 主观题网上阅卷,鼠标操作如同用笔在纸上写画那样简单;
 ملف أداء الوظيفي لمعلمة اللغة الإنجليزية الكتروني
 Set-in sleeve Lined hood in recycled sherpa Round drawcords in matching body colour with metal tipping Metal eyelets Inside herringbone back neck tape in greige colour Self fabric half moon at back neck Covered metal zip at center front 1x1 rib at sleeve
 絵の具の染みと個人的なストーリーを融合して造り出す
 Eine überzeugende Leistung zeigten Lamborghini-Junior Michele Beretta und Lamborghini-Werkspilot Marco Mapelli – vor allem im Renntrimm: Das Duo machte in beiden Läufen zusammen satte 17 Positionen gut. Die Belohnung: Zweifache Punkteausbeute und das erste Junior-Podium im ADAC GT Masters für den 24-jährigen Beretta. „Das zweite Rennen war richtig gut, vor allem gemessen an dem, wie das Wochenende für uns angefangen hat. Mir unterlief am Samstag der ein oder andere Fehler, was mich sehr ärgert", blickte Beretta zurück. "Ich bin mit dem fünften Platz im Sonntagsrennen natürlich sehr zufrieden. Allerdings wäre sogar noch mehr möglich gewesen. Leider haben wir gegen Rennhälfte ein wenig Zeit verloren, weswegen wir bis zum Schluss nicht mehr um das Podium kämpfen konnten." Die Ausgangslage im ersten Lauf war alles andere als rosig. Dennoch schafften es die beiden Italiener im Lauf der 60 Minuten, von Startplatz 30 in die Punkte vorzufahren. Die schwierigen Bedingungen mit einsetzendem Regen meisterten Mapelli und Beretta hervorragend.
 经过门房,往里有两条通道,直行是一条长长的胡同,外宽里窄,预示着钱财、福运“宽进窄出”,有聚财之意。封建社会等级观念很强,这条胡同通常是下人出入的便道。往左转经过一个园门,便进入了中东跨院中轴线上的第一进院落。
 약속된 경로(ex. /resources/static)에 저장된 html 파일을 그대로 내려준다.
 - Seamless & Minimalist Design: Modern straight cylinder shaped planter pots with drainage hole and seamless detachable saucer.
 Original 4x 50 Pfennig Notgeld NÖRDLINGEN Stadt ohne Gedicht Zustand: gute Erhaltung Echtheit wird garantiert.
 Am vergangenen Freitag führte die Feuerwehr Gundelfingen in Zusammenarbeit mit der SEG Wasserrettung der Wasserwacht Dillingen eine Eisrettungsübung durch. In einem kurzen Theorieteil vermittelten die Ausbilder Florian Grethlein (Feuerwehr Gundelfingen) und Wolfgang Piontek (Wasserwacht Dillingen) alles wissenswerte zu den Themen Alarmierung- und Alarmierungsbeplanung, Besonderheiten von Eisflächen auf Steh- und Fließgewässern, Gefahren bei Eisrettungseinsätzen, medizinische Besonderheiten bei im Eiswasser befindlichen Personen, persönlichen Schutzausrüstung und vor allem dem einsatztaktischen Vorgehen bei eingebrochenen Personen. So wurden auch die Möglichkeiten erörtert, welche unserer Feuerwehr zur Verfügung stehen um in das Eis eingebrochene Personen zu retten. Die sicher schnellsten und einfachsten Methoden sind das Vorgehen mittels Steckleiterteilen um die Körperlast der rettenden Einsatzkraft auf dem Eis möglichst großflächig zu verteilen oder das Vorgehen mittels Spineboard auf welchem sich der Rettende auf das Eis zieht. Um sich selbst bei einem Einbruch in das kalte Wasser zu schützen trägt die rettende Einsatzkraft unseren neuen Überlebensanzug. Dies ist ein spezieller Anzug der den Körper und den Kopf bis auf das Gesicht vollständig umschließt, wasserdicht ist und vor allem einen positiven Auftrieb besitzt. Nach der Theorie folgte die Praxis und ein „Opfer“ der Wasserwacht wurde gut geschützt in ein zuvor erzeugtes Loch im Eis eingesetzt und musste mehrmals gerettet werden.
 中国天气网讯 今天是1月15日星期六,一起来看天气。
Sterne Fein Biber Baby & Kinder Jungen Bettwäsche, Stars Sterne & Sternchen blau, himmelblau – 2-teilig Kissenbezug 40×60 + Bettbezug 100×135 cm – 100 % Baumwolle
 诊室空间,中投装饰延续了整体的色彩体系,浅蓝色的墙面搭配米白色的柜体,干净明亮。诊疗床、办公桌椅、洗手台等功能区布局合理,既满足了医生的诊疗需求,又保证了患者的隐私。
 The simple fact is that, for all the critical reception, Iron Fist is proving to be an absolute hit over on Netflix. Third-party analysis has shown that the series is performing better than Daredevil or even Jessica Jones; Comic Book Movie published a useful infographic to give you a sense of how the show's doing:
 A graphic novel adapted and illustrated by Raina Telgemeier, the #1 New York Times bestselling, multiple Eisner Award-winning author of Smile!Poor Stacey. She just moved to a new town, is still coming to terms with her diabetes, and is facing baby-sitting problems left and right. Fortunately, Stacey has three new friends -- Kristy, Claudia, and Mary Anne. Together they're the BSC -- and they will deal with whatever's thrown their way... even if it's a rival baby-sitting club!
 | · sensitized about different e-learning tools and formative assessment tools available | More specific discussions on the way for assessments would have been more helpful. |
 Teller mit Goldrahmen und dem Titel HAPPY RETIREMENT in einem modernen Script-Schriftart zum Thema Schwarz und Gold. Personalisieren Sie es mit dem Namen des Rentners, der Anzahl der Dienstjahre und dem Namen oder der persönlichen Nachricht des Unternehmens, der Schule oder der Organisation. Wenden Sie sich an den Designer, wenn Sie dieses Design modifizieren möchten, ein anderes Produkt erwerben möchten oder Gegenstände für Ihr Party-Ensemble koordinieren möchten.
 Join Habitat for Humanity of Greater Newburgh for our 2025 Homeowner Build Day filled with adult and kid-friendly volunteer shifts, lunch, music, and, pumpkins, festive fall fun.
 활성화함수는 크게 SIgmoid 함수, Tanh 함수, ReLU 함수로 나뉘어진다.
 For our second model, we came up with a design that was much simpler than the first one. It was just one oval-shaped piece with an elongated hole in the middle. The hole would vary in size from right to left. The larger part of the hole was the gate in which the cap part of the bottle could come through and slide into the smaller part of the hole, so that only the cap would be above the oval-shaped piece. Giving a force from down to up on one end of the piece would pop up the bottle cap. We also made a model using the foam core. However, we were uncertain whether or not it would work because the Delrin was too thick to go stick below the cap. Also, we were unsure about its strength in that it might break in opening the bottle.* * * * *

- - -

What to work on: Take every line above that includes the string "even" and return it.

Result:
 The simple fact is that, for all the critical reception, Iron Fist is proving to be an absolute hit over on Netflix. Third-party analysis has shown that the series is performing better than Daredevil or even Jessica Jones; Comic Book Movie published a useful infographic to give you a sense of how the show's doing:
 A graphic novel adapted and illustrated by Raina Telgemeier, the #1 New York Times bestselling, multiple Eisner Award-winning author of Smile!Poor Stacey. She just moved to a new town, is still coming to terms with her diabetes, and is facing baby-sitting problems left and right. Fortunately, Stacey has three new friends -- Kristy, Claudia, and Mary Anne. Together they're the BSC -- and they will deal with whatever's thrown their way... even if it's a rival baby-sitting club!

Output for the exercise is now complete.